▶ _YOUR GOAL_: An exact copy is needed of the lines in the entries below from the line with "RINGED TUBE BRUSH C-240" up to and including the line with "Figure 1 Distribution", and of nothing else. Leave the pictures out.

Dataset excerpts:
[Start of Attachment]

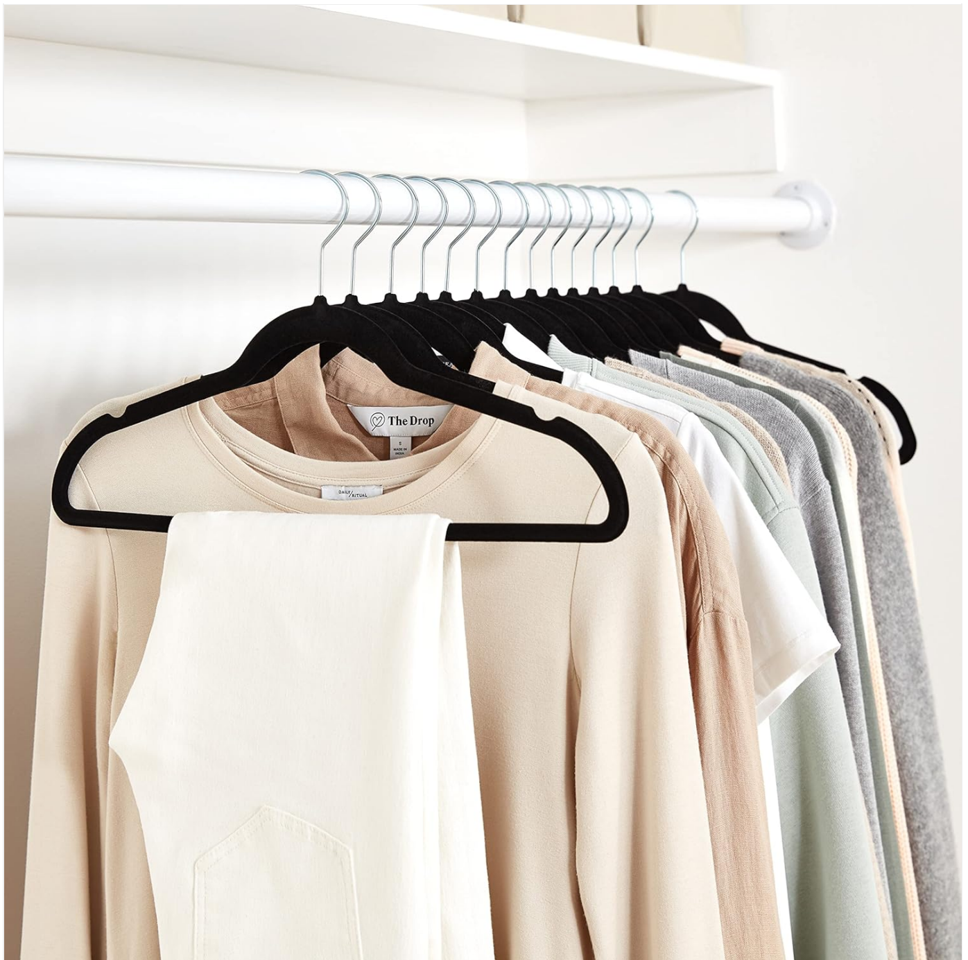
Figure 4.1: Hangers in use, showcasing their ability to organize and save space in a closet.
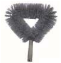
RINGED TUBE BRUSH C-240
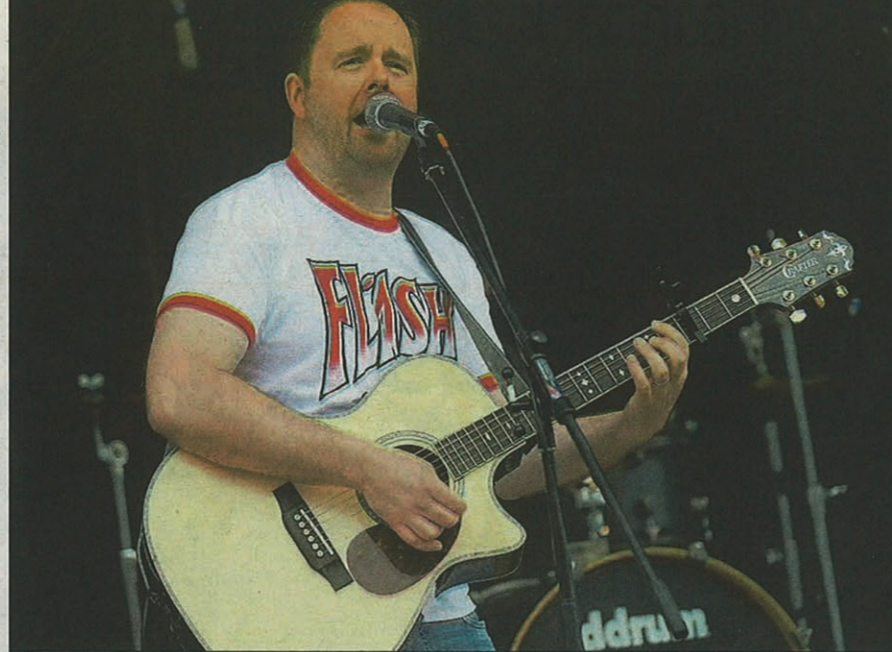
MUSICAL FEAST: There was a bumper turnout for the LeeStock Festival despite bad weather
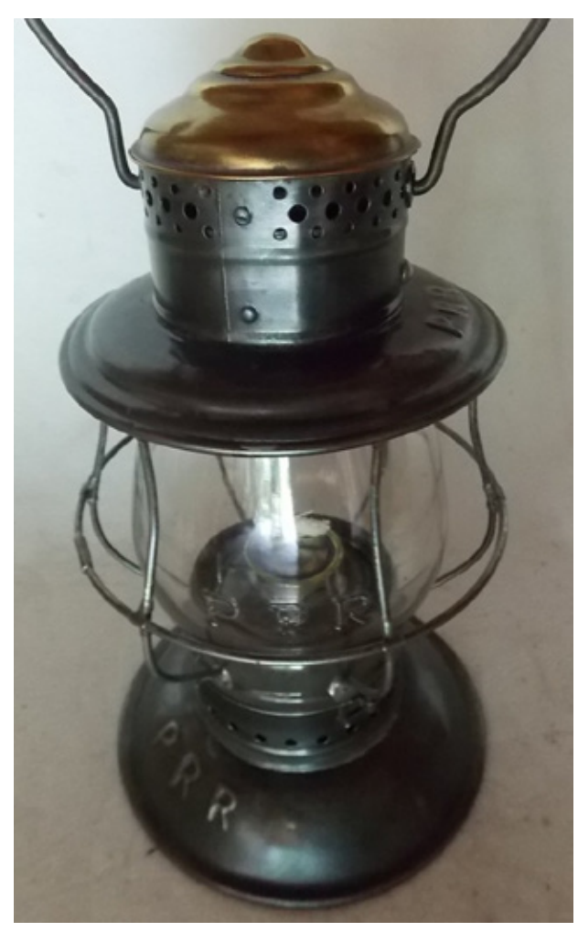
A $1200 bid was needed to purchase this Pennsylvania Railroad triple marked brass top bell bottom lantern.
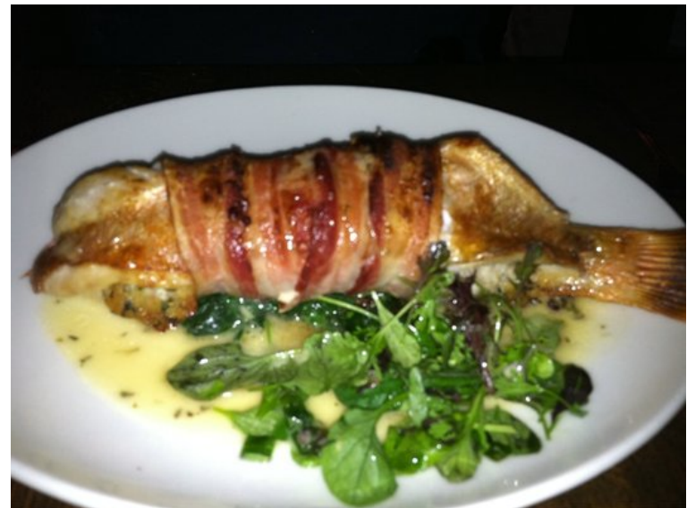
Mooring Restaurant, Newport RI
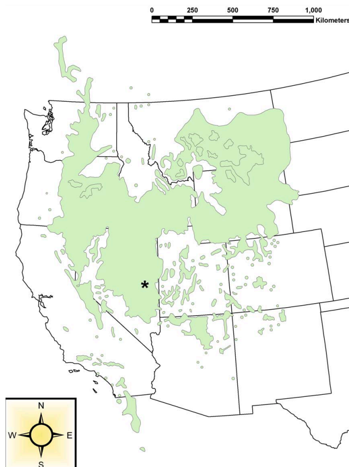
Figure 1 Distribution of big sagebrush ( Artemisia tridentata Nutt.) in North America, with location of the study area (asterisk).

erator mass spectrometry (AMS) 14 C analysis was employed to test the annual nature of xylem layers in subtropical trees that could not be crossdated (Biondi and Fessenden 1999), or to verify growth years assigned using stable isotopic values in tropical species (Poussart et al. 2004). In general, when tree growth increments have unclear boundaries but vary in size from one year to the next, accurate dating can only be obtained by combining 14 C dating with macro- and microscopic descriptions of the wood and its layers (Worbes and Junk 1989; Dezzio et al. 2003). In this paper, we used a combination of dendrochronological crossdating and 14 C AMS analysis to answer the question, "Are growth rings of Artemisia tridentata truly annual?" The answer to this question has immediate implications for the broader issue of reconstructing environmental changes in semi-arid shrublands.
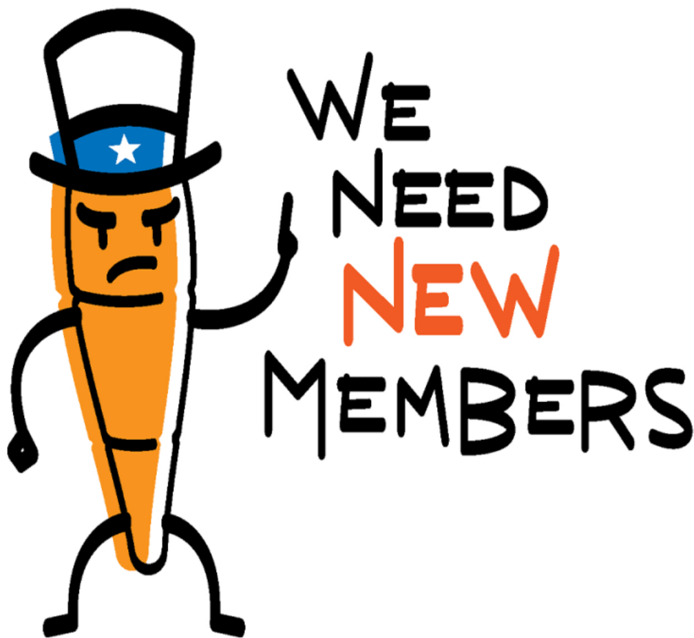
ILLUSTRATION BY STEPHEN SAVAGE

It is estimated that adding another 500 members would bring roughly $1.8 million in additional annual revenue.
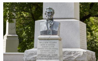
Watch Here William Clark's Grave

A "lick" is a term for a natural occurrence of salt. They usually appear around sulfur springs, which are places where water and minerals bubble out of the ground. People call these places "licks" because animals like to lick the salty deposits. This site was influential in the American development of paleontology
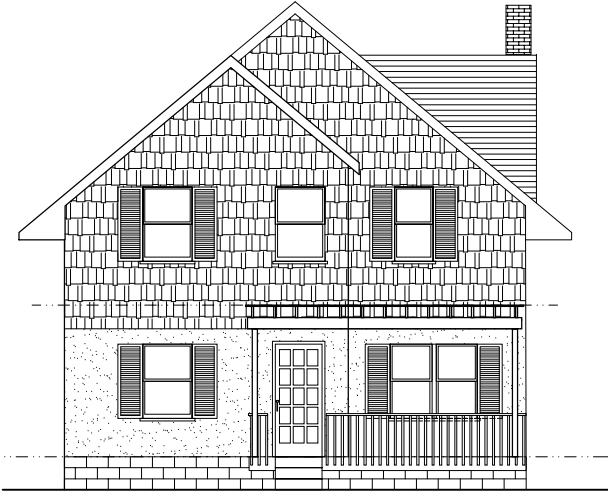
1 WEST ELEVATION A3.0 1/4" = 1'-0"
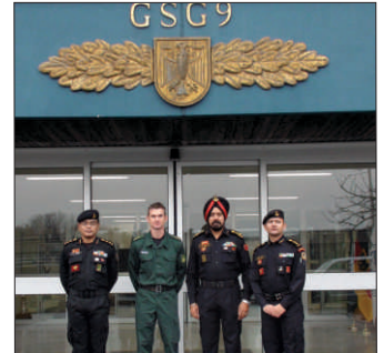
ACHTUNG! RUBBING SHOULDERS
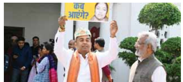
AAP MLAs stages protest outside the office of Delhi Chief Minister Rekha Gupta on Monday

STAFF REPORTER ■ NEW DELHI The Aam Aadmi Party (AAP) MLAs led by Leader of Opposition (LoP) Atishi staged a protest outside the office of Delhi Chief Minister Rekha Gupta in the assembly's premises on Monday, demanding the fulfilment of the BJP's promise to provide ₹2,500 to women in the city after the first Cabinet meeting. During the protest, AAP MLAs raised slogans and waving posters that "When will women get ₹2500?". Atishi also met Chief Minister Rekha Gupta to discuss the issue but received no assurance from her. "We asked for time from the Delhi Chief Minister two days ago. But we were not given time, so we are here outside her office in the assembly. We want to meet her regarding the promise of PM Modi to provide ₹2,500 to women after the first Cabinet," Atishi said after meeting Chief Minister Rekha Gupta. Atishi stated that the BJP and Prime Minister Narendra Modi had guaranteed in their first cabinet meeting that a scheme providing ₹2500 per month to women would be passed. "However, despite the BJP gov-
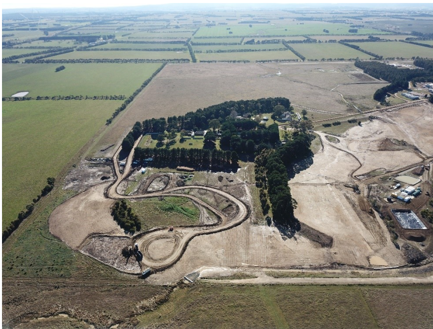
Figure 3: CFA Fiskville Remediation Project.

Rehabilitation works began in early 2019, with Ventia decommissioning the practical area drill (PAD) site, removing the training props, underground pipework and a petroleum storage system within the training area.

[End of Attachment]

▶ _OUTPUT FOR THIS EXERCISE_:
RINGED TUBE BRUSH C-240
MUSICAL FEAST: There was a bumper turnout for the LeeStock Festival despite bad weather
A $1200 bid was needed to purchase this Pennsylvania Railroad triple marked brass top bell bottom lantern.
Mooring Restaurant, Newport RI
Figure 1 Distribution of big sagebrush ( Artemisia tridentata Nutt.) in North America, with location of the study area (asterisk).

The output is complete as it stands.